Genova – Il Genova Blue district ha accolto i visitatori alla mostra “Progetto mare: disegnare-conoscere-tutelare“, dedicata alla sostenibilità dell’ecosistema marino.

Da segnalare in particolare che per l’occasione è stata presentata la donazione di 6 imbarcazioni da pesca da Genova al Togo, promossa dall’assessorato allo Sviluppo economico portuale del Comune di Genova, realizzata in collaborazione con le associazioni di pescasportivi (Arci Pesca, Asd Amici del mare Pra’, associazione Gruppo pescatori dilettanti Longarello, Asd Sms Prescatori Pra’, Alemante friends) e del territorio (associazione Alpini Pra’, parrocchia N.S. Soccorso e San Rocco, Agesci gruppo scout 49, consorzio Il cammino di Santa Limbania).
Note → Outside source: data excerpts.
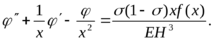 В этом ДУ — угол отклонения нормали к пластинке от первоначаль­ного положения, f(х) — действующая сила,  — коэффициент Пуас­сона, Е — модуль Юнга и H — толщина пластинки.
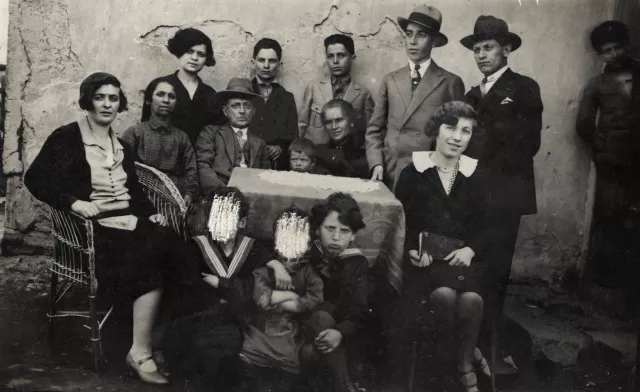 This is my first picture ever, taken in Sofia in 1930. I’m two years old here. My parents are standing around me. On the right one can see my three brothers standing. My two sisters Jina (right) and Vinka [Venezia] (left) who emigrated to Israel, where they live today, crossed themselves out here, because they didn't like how they came out in the picture. My elder sister Sara is to the left of my three brothers. The first from the right is a nephew of my father, Benzion, our houses had a shared yard, but I can't recall anything more about him. The sitting woman (the second from the right) is Aunt Lucha, our father's sister. Our cousin Mati is sitting with a purse in her hands below Benzion, she’s a daughter of my father's sister. She immigrated to Israel in the 1930s, but I know very few things about her life. She and her relatives think of themselves as sabras, ‘local citizens.’
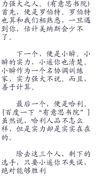 寒月,无奈的摇了摇头,看着小遥,说道:“别看我,你也知道华丽庆典的对手,都是打乱处理的。不过,小遥你注意的对手,只有几个。”
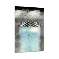 Glasbild - Bild auf glas - Ein schwarz-weiß karierter Regenschirm vor einem Hintergrund aus Regen und Wolken - 50x70cm - Aber möglich - Moderne Wanddekoration für Wohnzimmer und Schlafzimmer ARTTOR
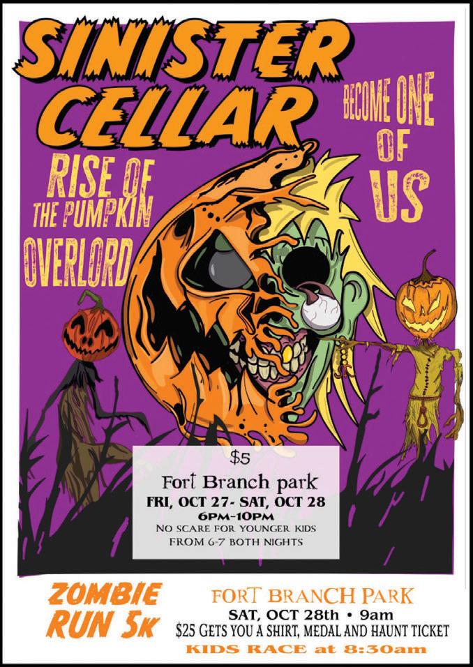 special volunteer is Don Steinmetz, who took over the Zombie run. Early Saturday morning little kids line up and run a short course through Fort Branch and spot Zombies. After that, the adult fun begins with a 5K through the city where those Zombies come to life and give a surprise and short chase, complete with themed music and a fog machine. It’s like flag football and the winners outrun the Zombies and return with their flags. Last year there were about 170 runners sprinting around Fort Branch for fun. After the run at 11 a.m., the Cellar will be the backdrop for “Boo at the Park” so the young kids can have a traditional costume contest, parade and candy.
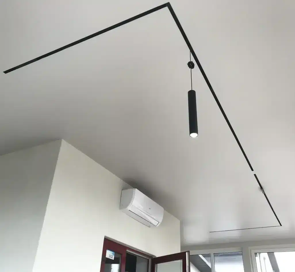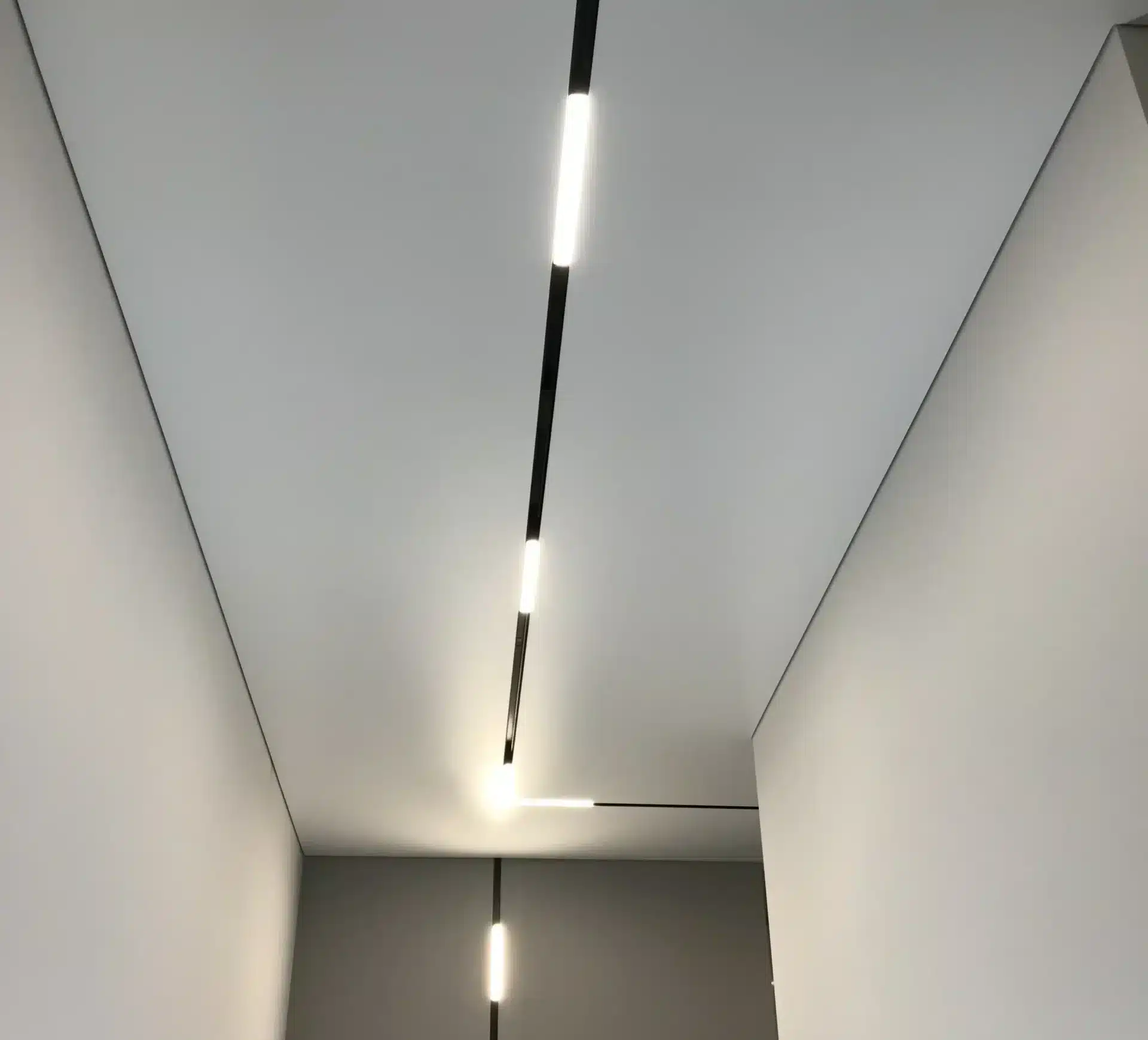 Натяжной потолок в коридоре 8 м²Биловый матовый потолок с теневым зазором по периметру и встроенным магнитным трекомПлощадь 8 м²Полотно TeqtumПрофиль ТеневойОсвещение Магнитный трекДоп. Магнитный диффузор -
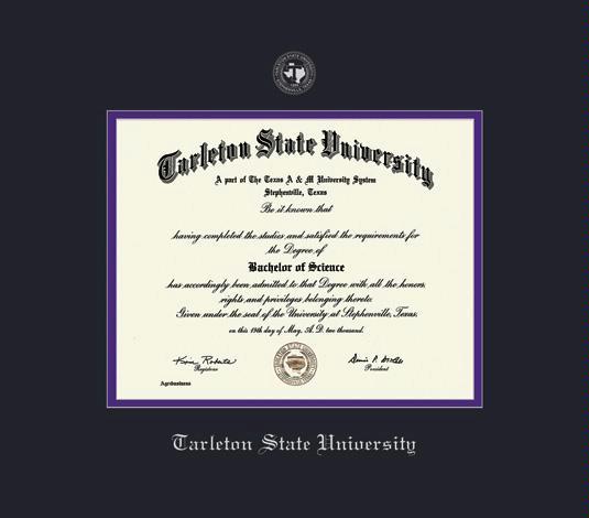 Tarleton State University Diploma Frame with Black and Purple Double Mat and Silver Embossing
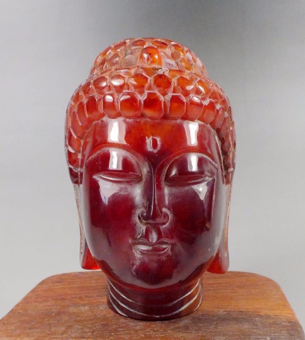 A RED AMBER CARVING BUDDHA HEAD STATUE.
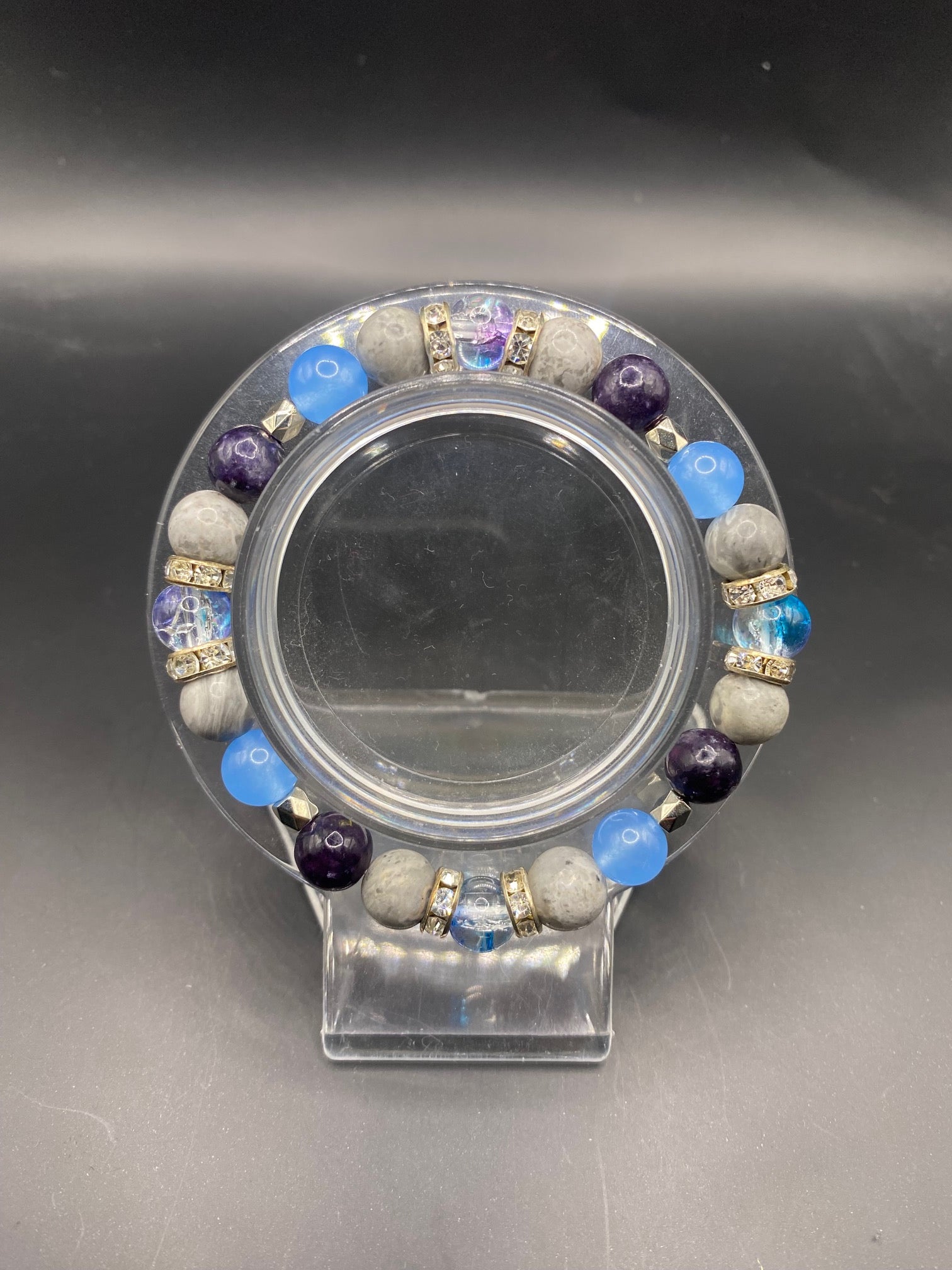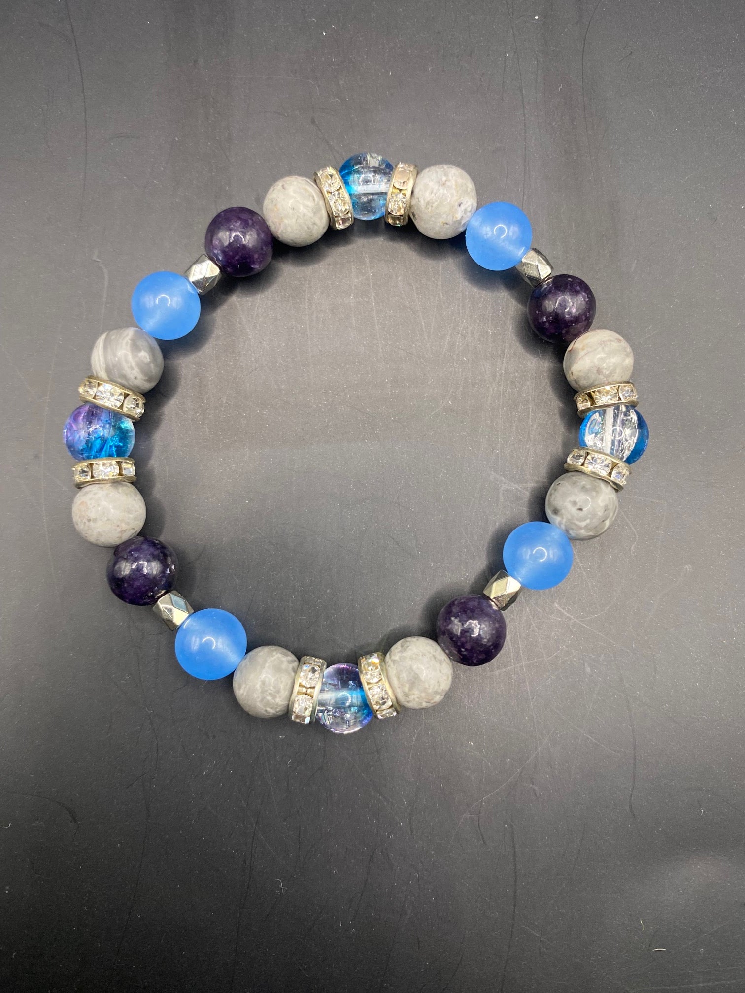This piece is made using dyed glass, blue chalcedony, lepidolite (high grade) and Picasso stone with silver spacers <3
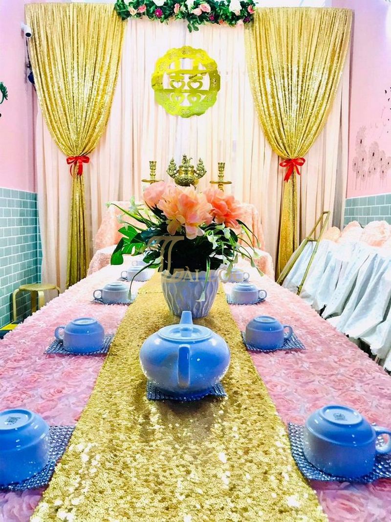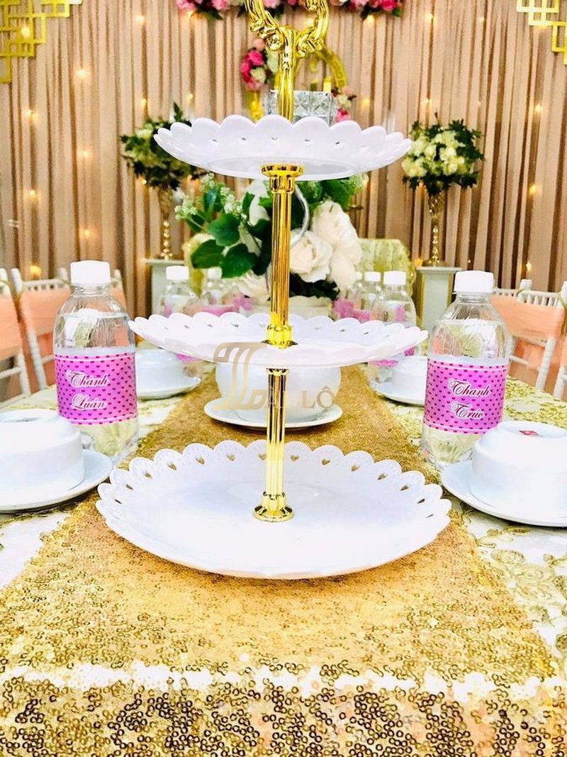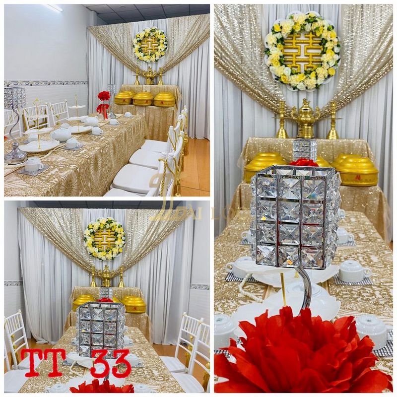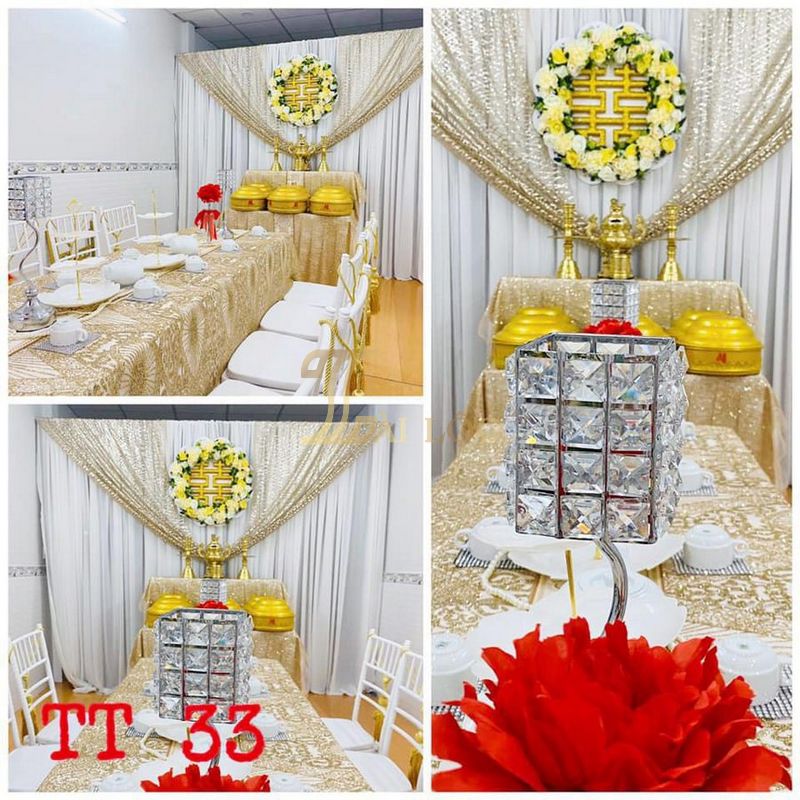 – Đĩa bánh 3 tầng , pha lê 2 đôn hoa cấp cao , 2 bình hoa cao cấp -2 bộ tách trà và 12 ly tách 2 bình hoa vải bàn 2 họ
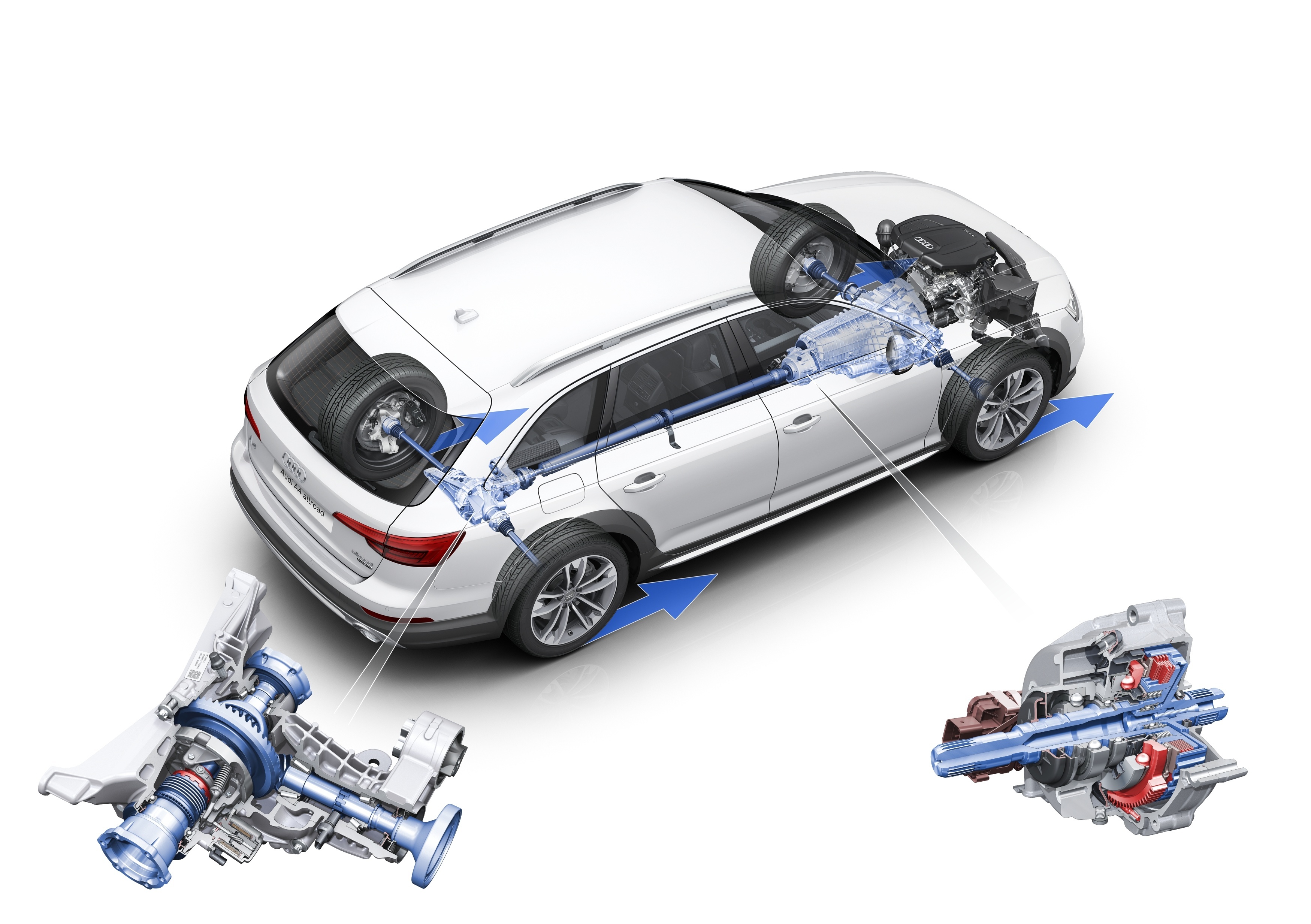Przy dyferencjale tylnej osi w napędzie quattro Ultra znajduje się sprzęgło kłowe, które całkowicie odłącza tylną część napędu, tj. wyłącza z pracy wał napędowy łączący przednią i tylną oś. W bardziej rozwiniętym wariancie, stosowanym w modelu S5, przy tylnym dyferencjale znajdują się dodatkowe sprzęgła blokujące koła tylnej osi, co pozwala sterować rozdziałem siły napędowej pomiędzy kołem prawym i lewym.
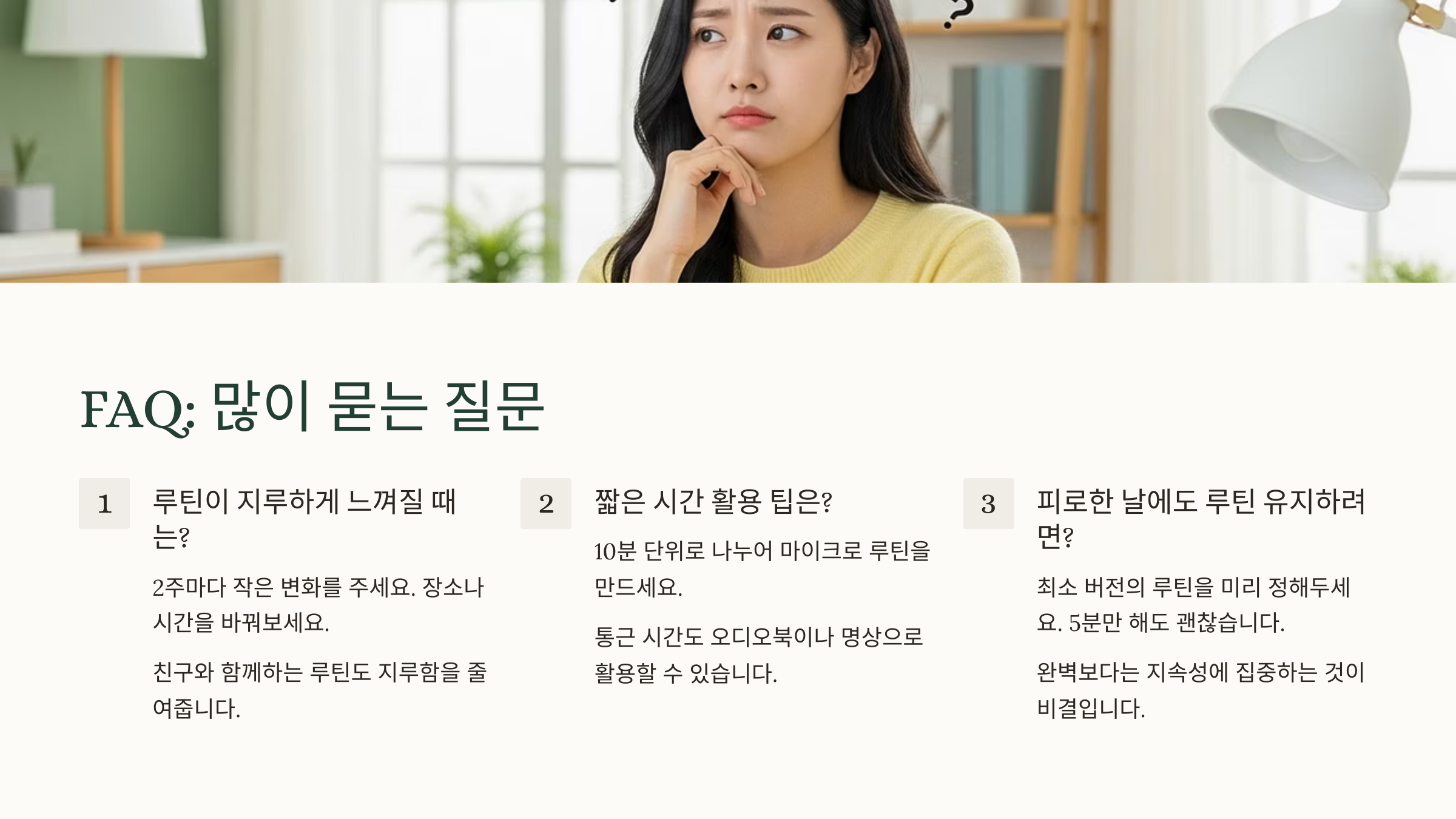 A4. 방해받지 않는 ‘내 시간대’를 먼저 확보해보세요. 이른 저녁이나 자기 전 30분만 확보해도 충분히 루틴을 실천할 수 있어요.
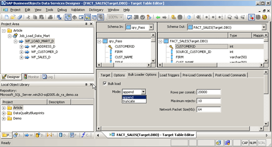 The Mode parameter exists simply to select either appending to the existing table, or truncating the data first, then appending new data. The Maximum Rejects parameter sets the threshold for the maximum number of violations that can occur against the target table before the job fails. The Rows per commit and Network Packet size parameters are the two most important options from a tuning standpoint. These two parameters must be used together to get the most performance out of bulk loading SQL Server. A good rule for Rows per commit is to set blocks of 20,000 records for a baseline. You can also set the Network packet size to accommodate the size of the data to fill the network packets as densely as possible with each transmission. I have seen good results with a 64 kilobyte network packet size. Start with these values and test with your data.
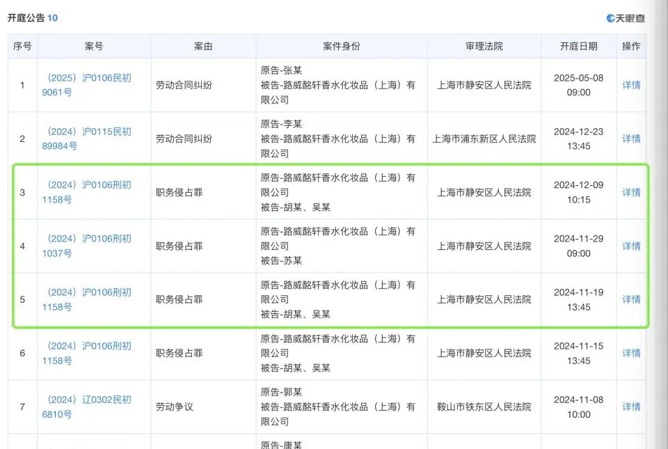 綜合天眼查信息,“(2024)滬0106刑初1037號”和“(2024)滬0106刑初1158號”涉及的“某A有限公司”,正是路威酩軒香水化妝品(上海)有限公司(后簡稱“路威酩軒香化”)。
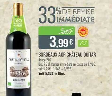 Découvrez le Bordeaux AOP Château Guitar, un vin rouge 2021 qui ravira tous les amateurs de bons crus. Avec une remise immédiate de 33%, c'est le moment parfait pour l'ajouter à votre table. Pour un prix exceptionnel de seulement 3,99 €, vous vous offrez une bouteille bio qui allie qualité et respect de l'environnement.

La donazione è il frutto della collaborazione tra tante associazioni, cittadini, la missione di suor Rita e che ha visto il Comune di Genova capofila di un progetto all’insegna della generosità e dell’aiuto di una comunità del Togo, che, in carenza di imbarcazioni per la pesca e per il trasporto dei bambini a scuola, potrà da oggi di nuovo contare su sei barche.

 

«Abbiamo coinvolto varie associazioni e amici di Pra’ – dice Antonio Carabetta presidente di Arci Pesca Liguria – crediamo molto, come categoria, nella solidarietà: un lavoro importante che ha visto un grande impegno anche amministrativo che abbiamo affrontato con entusiasmo e con spirito di solidarietà».

 

«Abbiamo accolto molto volentieri l’invito a partecipare a questa iniziativa – commenta Lorenzo Spera, presidente dell’Asd Sms Pescatori Pra’ – molti giovani della nostra associazione hanno aderito con entusiasmo e stiamo preparando anche altre imbarcazioni da inviare in Togo».

 

Sei barche sono state donate ai pescatori del Togo, grazie alla missione delle suore della Visitazione, in particolare alla madre generale suor Rita Tenerezza della Croce, nata in Togo, poi trasferitasi in Italia, dopo un periodo di permanenza in Francia. «Ringrazio il Comune di Genova, Arci Pesca e Pescatori di Pra’ e tutte le associazioni che hanno reso possibile questo obiettivo» ha detto suor Rita che ha raccontato come l’idea della donazione sia nata da un incidente, avvenuto la scorsa estate, che ha visto un pescatore annegare per le cattive condizione della propria imbarcazione.

 

Le sei barche, dopo un viaggio in container di oltre un mese, sono oggi a disposizione dei pescatori locali.

 

L’open day del Gbd ha previsto, nel pomeriggio, interventi di start up innovative che operano nell’ambito della blue economy all’interno del Blue district, i loro progetti, informazioni su come entrare nel Blue circle.